We just have to finish up some of these other modes to get it active.
Lilia-Celine Lozada - Analyst
Great. Thank you.
Operator
Glen Santangelo, Barclays.
Glen Santangelo - Equity Analyst
Dan, I just wanted to follow up on the free cash flow question. I understand you don't want to pin down to an actual free cash flow number. But by suspending the dividend, it seems like you're going to free up roughly $130 million. And if we have free cash flow something generally in that neighborhood, it looks like a starting point of cash to work with might be roughly, call it, $250 million. And then I think in the release, you talked about charges in the $55 million to $65 million range.
And so when I sort of net all that out, is it reasonable to think that maybe you'll have almost $200 million when I think about splitting that capital deployment across investments, debt pay down, and share repo. And I think in your prepared remarks, you've seen to suggest that there was some specific debt that was coming due this year. I don't know if you can just give us any -- put a finer point on any of those numbers just so we can think about how the capital structure may change in 2026?
Daniel Scavilla - President, Chief Executive Officer
Listen, I think that might be an after-hour call thing, just because there's a lot of math that's out there. What I would tell you is the dividend elimination is going to be repurposed into both debt retirement and share repurchases, right? That's really the main gift. We just know that we can have an increased total shareholder return, applying the cash that way versus the dividend. And so we can factor that out.
But just back to your point, even if you took the math, the $130 million with that being eliminated, we're going to turn it around to these other areas. We're not looking to build up the cash that way just yet. So I'll leave it there. And like I said, those other puts and takes we could take a look at your model offline and figure that out.
Operator
Steven Valiquette, Mizuho Securities.
Steven Valiquette - Equity Analyst
Yeah, thanks. Good afternoon. Just had a question just around the renewal and/or expansion of the Patterson agreement. I definitely appreciate you can't go into details on new contract terms, et cetera. But I guess, at a high level, do the new contract terms move the needle materially for you one way or the other just for 2026. I mean on the one hand, you might have a little bit lower pricing, but maybe more volume?
Also you cited three other renewals. Well, just curious if any of those are equally important versus the Patterson renewal? Thanks.
Daniel Scavilla - President, Chief Executive Officer
Yes, Steven. So a couple of things. It really is a new contract with Patterson. It's not a renewal. There are many different terms in there that actually benefit both parties.

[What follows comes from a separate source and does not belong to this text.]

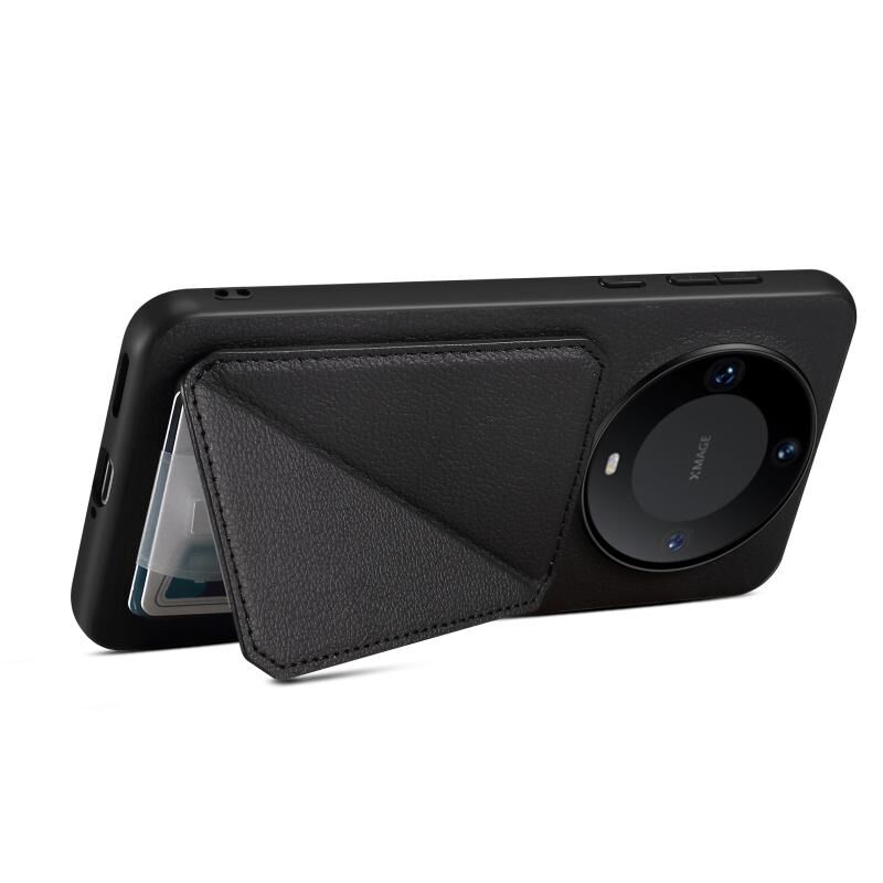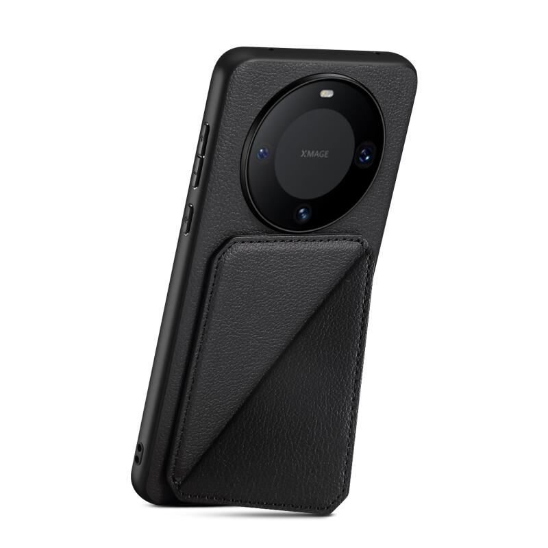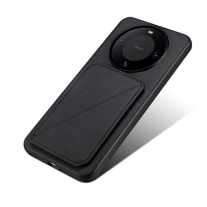 For Huawei Mate 60 Pro Denior Calf Texture Holder Electroplating Phone Case(Black) (Denior)

To be honest with you, it was a great conversation with the team, and I think this will come out well for both parties. -- for us it's going to be favorable just again, because they know us, they know our products well. They're key, especially with our -- systems. And I think what excites me is the ability to get the training of their team and opening those doors with them.
I do think that can be a meaningful lift coming out with that new contract with them. I believe with the other vendors, these existing or these new contracts will be even more beneficial because you're getting all of that expanded feet on the street, while you're creating your new vertical sales force teams to focus on specialty. And so I just feel like it's a faster way to penetrate the market going through that pathway.
Operator
Thank you. I'm showing no further questions at this time. So this concludes the question-and-answer session. Thank you for attending today's conference. This does conclude the program, and you may now disconnect.